The immunoglobulins are a family of glycoproteins, and based on chemical and structural differences are classified in five distinct classes of molecules called isotypes that are named IgM, IgG, IgA, IgD, and IgE.
Each immunoglobulin has two small chains (molecular weight of 22 kD) termed light chains (LCs) (Figure 1) and two more chains (55 kD) called heavy chains (HCs).
Each IgG molecule is composed of two identical LCs and two identical HCs which form a Y-shaped structure (Figure 1).
The upper two arms perform an antigen-recognition function, which is referred to as the antigen-binding fragment (Fab).
The lower stem of the molecule displays an effector function and interacts with other components of the immune system such as complement and cell receptors specific for this part of the molecule, which is referred to as the crystallizable fragment (Fc) (Figure 1).
Another fragment of immunoglobulin, referred to as the Fv fragment, retains the complete antibody-binding sites and consists of the variable regions of both heavy and light chains containing the N-terminal half of the Fab. These fragment have been generated from the use of a DNA recombinant expression system and are used clinically, for example, when treating cancer patients with mouse monoclonal antibodies specific for tumor antigens. However, the efficacy of these monoclonal fragments is diminished since they lack the constant regions essential for many of the effector functions.
Both light and heavy chains of the immunoglobulin molecule are further divided into regions referred to as variable (V) and constant (C) regions (Figure 1B)
The variable region is responsible for the highly specific antigen-recognition function of an individual antibody molecule for its antigen (Figure 1C).
LCs contain two domains, i.e., the variable light (VL) and the constant light (CL); the heavy chains contain one variable heavy (VH) domain and either three or four constant CH domains depending on the immunoglobulin isotype.
The constant region of the IgG, IgA, and IgD HCs contain three domains and the constant regions of IgM and IgE have an extra domain resulting in four domains.
In the Y-shaped immunoglobulin molecule is a proline-rich region between the first (CH1) and second (CH2) domains of the HC called the hinge region. This region contains cysteine residues that allow linkage of the HC polypeptides to each other by S-S bonds.
This region confers flexibility to the molecule by providing mobility of the two upper arms of the molecule, thus enhancing their antigen-binding potential.
Two immunoglobulin isotypes, IgM and IgE, do not have hinge regions; however, their CH2 regions perform a hinge-like function.
Immunoglobulin isotypes are named by their HCs (γ, α, μ, δ, and ɛ ) and contain two types of LCs.
There are two different types of LCs in each of the isotypes, kappa (κ) and lambda (λ).
In contrast to the kappa isotype, which is of only one type, there are four slightly different constant region sequences of the lambda LC, forming four subclasses (subtypes).

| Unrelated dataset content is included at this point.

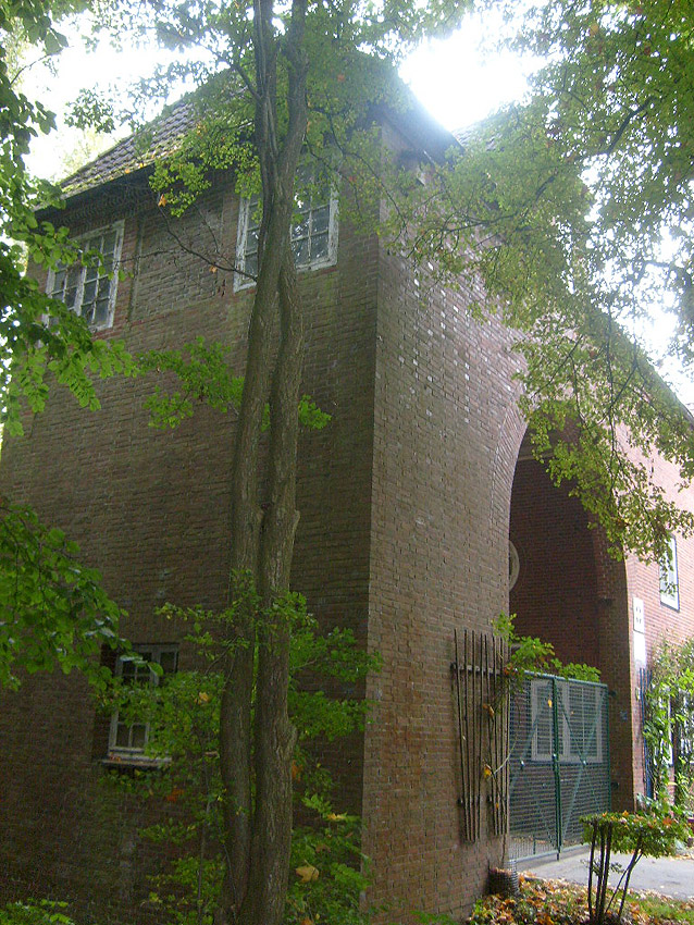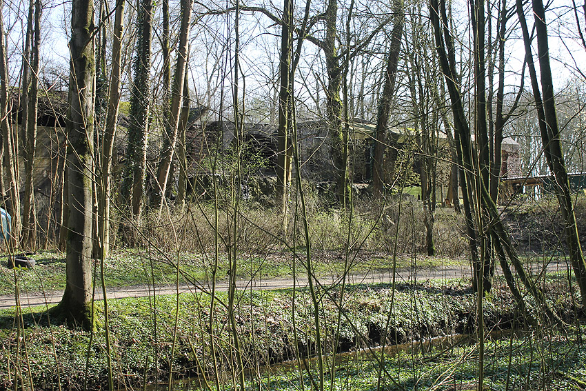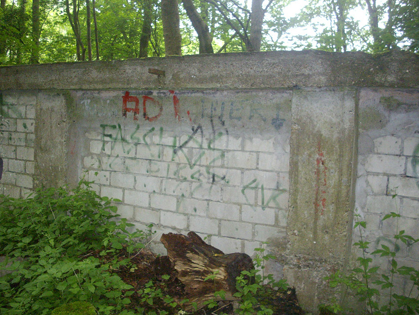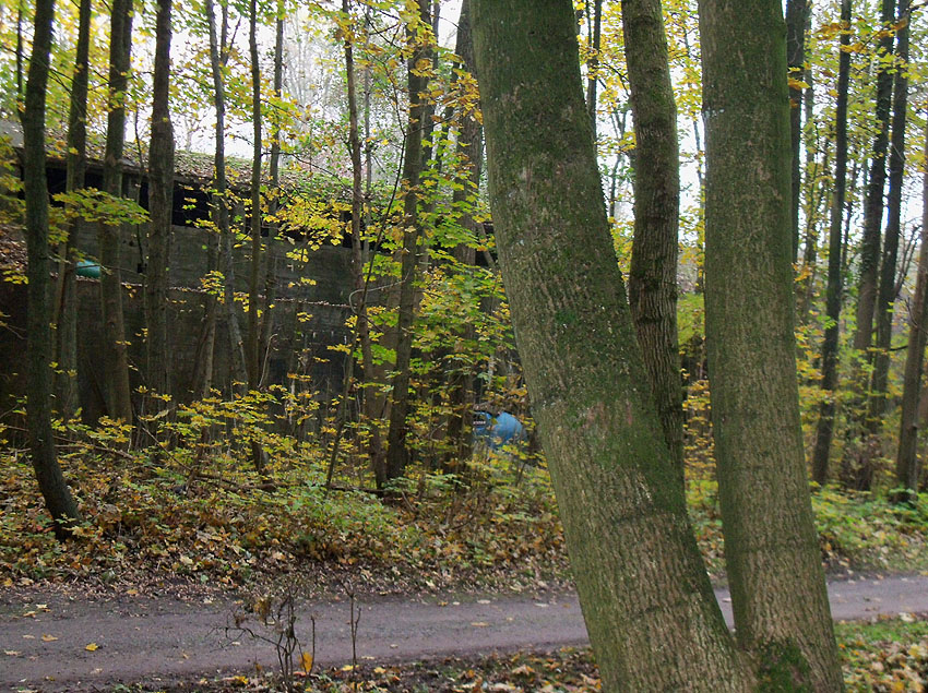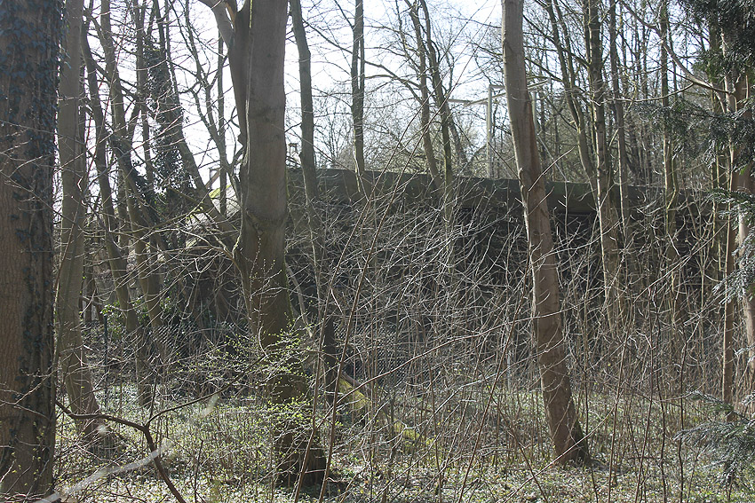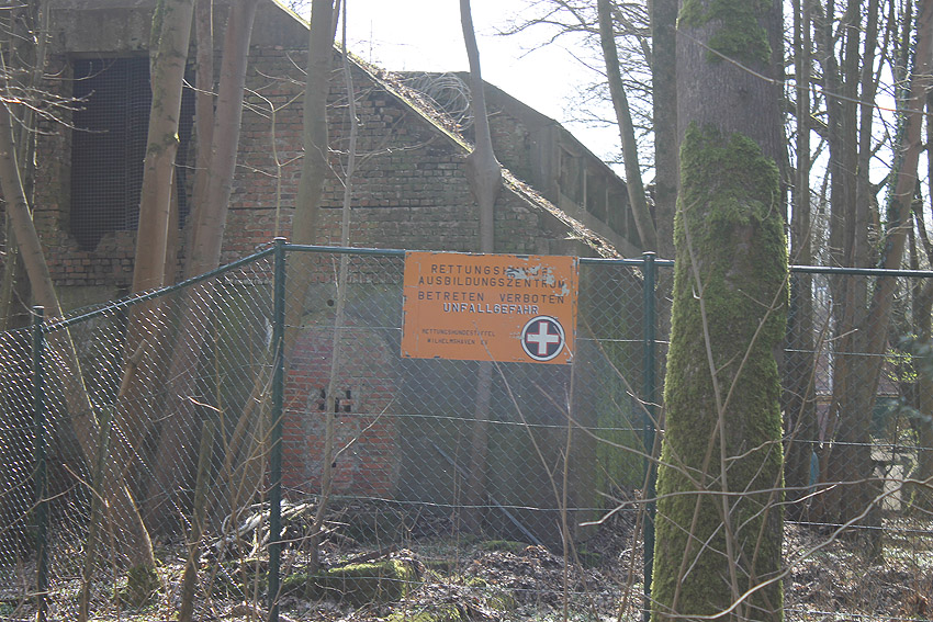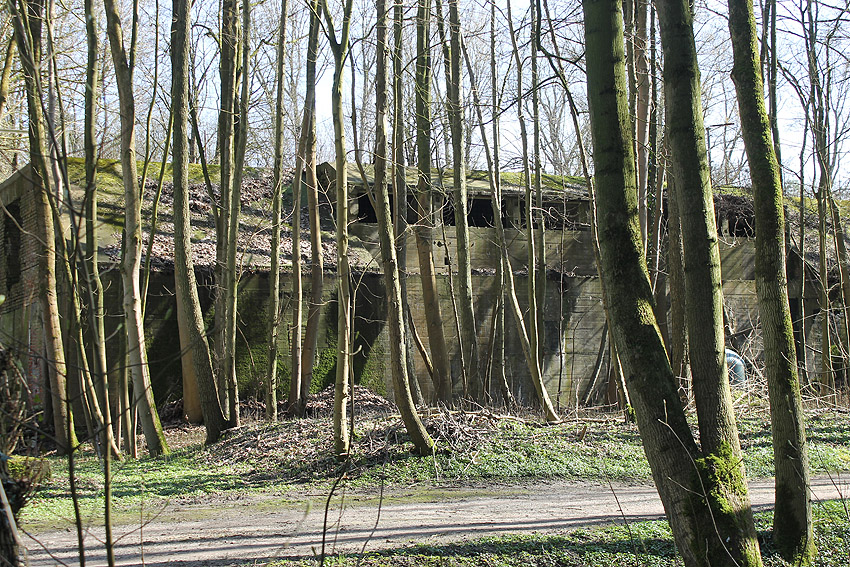 Eines der Leitstandnebengebäude im Stadtpark. Ursprünglich waren drei Gebäude dieser massiven Art und mehrere dazwischenliegende Baracken im östlichen Bereich des Geländes vorhanden, heute existiert nur noch dieses eine Bauwerk, die beiden anderen wurden in den 1990er Jahren entfernt:

Figure 1. Panel A: A schematic representation of the IgG molecule showing the two light chains and the two heavy chains and the location of interchain disulfide bonds in the hinge region. The amino terminal end is at the top and the carboxyl terminal end is on the bottom. Panel B: The variable regions of the light and heavy chains (i.e., VL and VH, respectively, crosshatched) that, together with the constant regions of the light (CL) and the heavy (CH1), make up the antigen-binding region (Fab) of the molecule. Panel C: The binding of antigen with the antigen-binding region (Fab). [Reproduced with permission from Bellanti, JA (Ed). Immunology IV: Clinical Applications in Health and Disease. I Care Press, Bethesda, MD, 2012].

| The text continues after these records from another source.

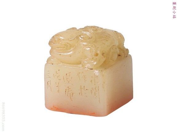 7273 赵次闲 白芙蓉石瑞兽钮佛偈语印
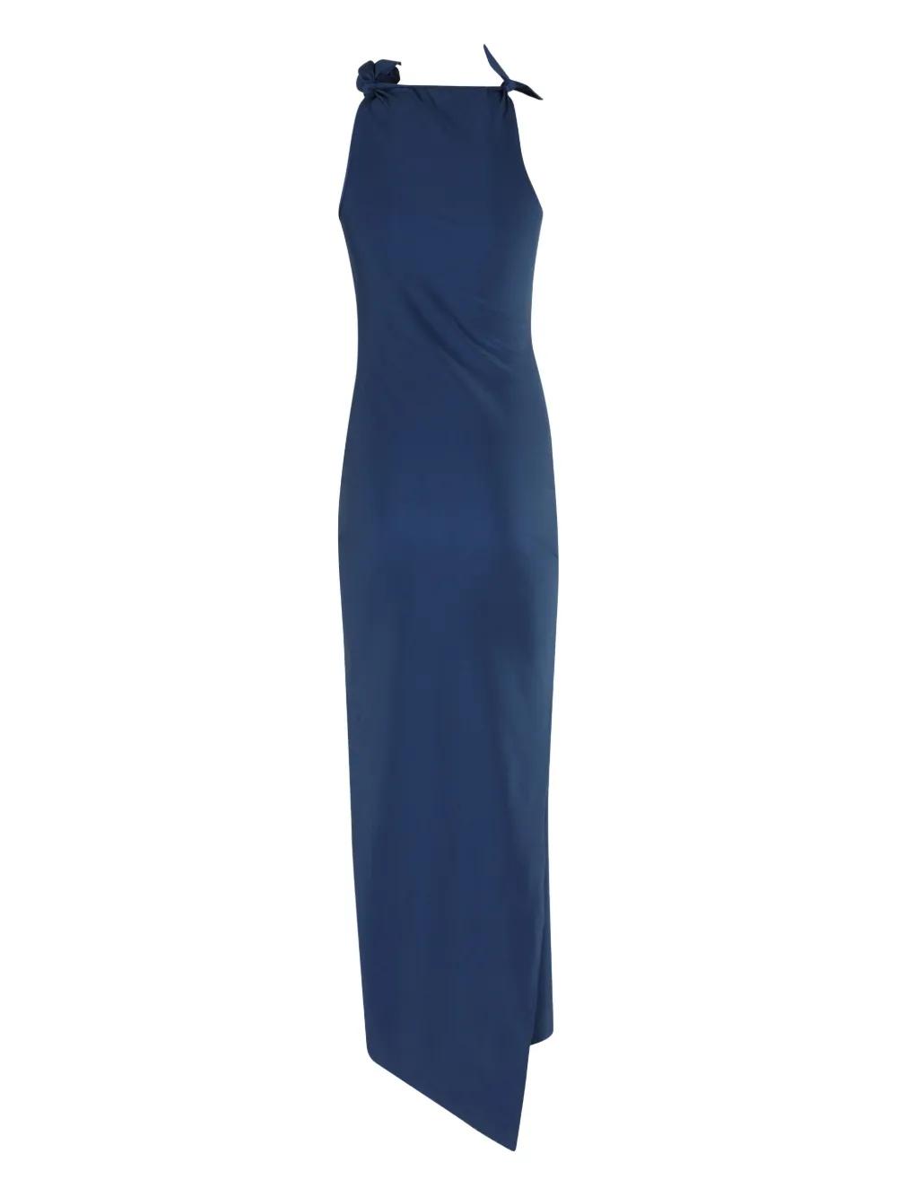 Coperni rose-embellished asymmetrical maxi dress - Blue
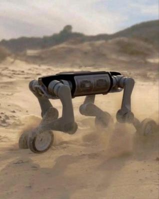 红翼中型机器狗在轮足设计上实现全新升级,巧妙融合轮式移动的速度优势与足式运 动的灵活特性。以中型体积为基础,它既具备狭小空间的通过能力,又能兼顾负载与续航表现,可轻松适应行业恶劣场景需求。
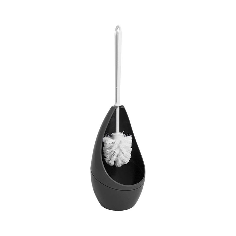 Portascopino per wc in PP grigio talpa con scopino in plastica. Il design particolare a forma di goccia darà un tocco unico al vostro bagno. La sua ampia base è facile da pulire e avendo l’apposito anello sulla sommità in cui incastrare il manico, lo scopino non sarà mai a contatto con l’acqua rilasciata dalle setole.
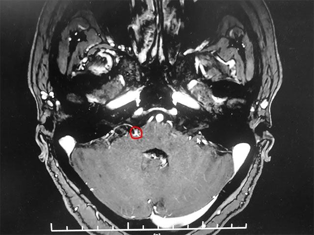 入院后,经面神经MRTA平扫+增强检查显示,患者右侧面神经与周围小血管关系密切。在对患者病情及影像学资料进行评估,并告知患者及家属手术风险后,上海蓝十字脑科医院神经外科主任沈建康教授团队为患者实施了面神经微血管减压手术。
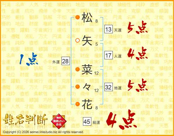 松矢菜々花さんの総運は45画の4点!
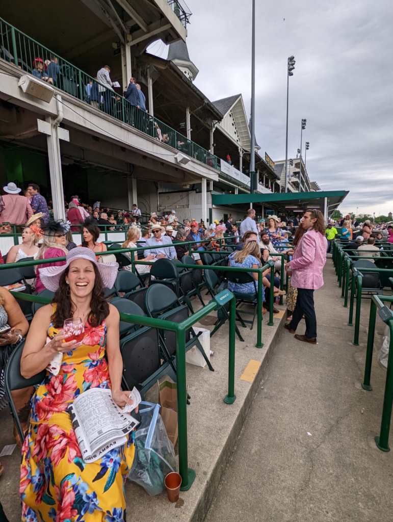 Derby was on Saturday, May 7, 2022 and we dressed up again. This time a notch down on fancy since the infield dress code changes a bit. Instead of attending the races in the grand stands you have a whole mini city where you can play around. You are on the grass infield meaning you may encounter mud although there are paved areas too. You can bring chairs, blankets and some items in a clear plastic bag, such as water and snacks. People attending infield for Derby were varied but I did see an abundance of college students in this area and in general people wanting the experience or in person viewing without all the cost or expected fashion. This also tends to be the party area where in the past drunk people ran across the tops of the port-o-potty´s or climbed the flag pole. The good news is that you can always get infield tickets day of if you decide to go last minute (prices do increase but are accessible around $70). By the way, if you are single, know that Derby week in general seemed to be a great place to mingle.

Biological Functions of Immunoglobulins

Immunoglobulins can either be found as transmembrane proteins on the surface of the B cell or they can be secreted by the terminal cell of B cell differentiation, i.e., the plasma cell.
Immunoglobulins function as antibodies and have the property to combine with the antigen (i.e., immunogen) that triggered their production.
This unique property of recognition, referred to as specificity, is controlled by an amazing assortment of genes that regulate the production of individual parts of the immunoglobulin molecule by determining the primary amino acid sequence of these components.
Immunoglobulins are specialized molecules that basically provide two functions:
- (1) an antigen-recognition function, which is carried out by one end of the molecule that binds to antigen, i.e., the two Fab’s
- (2) and an effector function, which is performed by the other end of the molecule by interaction with phagocytic cells, other effector cells and mediator molecules (for example, complement), i.e., the Fc end
Both these functions are extremely important during the immune response
The antigen-recognition property of the immunoglobulin molecule confers its exquisite specificity to react with different molecular structures: epitopes which are either linear or more often of a conformational configuration, i.e., antigen
For example, antibodies directed against the influenza virus recognize neuraminidase (N) and hemagglutinin (H), viral components whose neutralization prevents the virus from adhering to respiratory epithelial cells, thereby destroying the infectivity of the virus.
This is achieved by producing two separate sets of antibodies, one directed at the N and the other at the H, with different amino acid sequences, each recognizing one of the two unrelated target antigens.
Antigen recognition by the B cell occurs both at its cell surface through the BCR and by its secreted immunoglobulin product; in contrast, antigen recognition by the T cell occurs only through its surface receptor, i.e., the TCR
During the course of an immune response to an immunogen specific classes of antibodies are generated at temporally different time periods
For example, IgM antibody is synthesized early and IgG later by a process referred to as immunoglobulin class switching or isotype switching.
The genetic mechanism by which this class switching occurs is referred to as somatic recombination or V(D)J recombination
The effector function of an immunoglobulin is related to the specific isotype produced.
For example, IgM antibodies synthesized early in the immune response because of their large molecular size are found and function best within the vascular system.
Other immunoglobulins of lower molecular weight, e.g., the IgG antibodies, produced later in the immune response can readily diffuse between the intravascular and interstitial tissues where they function most effectively.
Still other antibody molecules, i.e., the secretory IgA, are found at mucosal surfaces where they are produced and function as first lines of defense against pathogens that enter through the mucosal route, as exemplified by influenza, rhinoviruses, and HIV.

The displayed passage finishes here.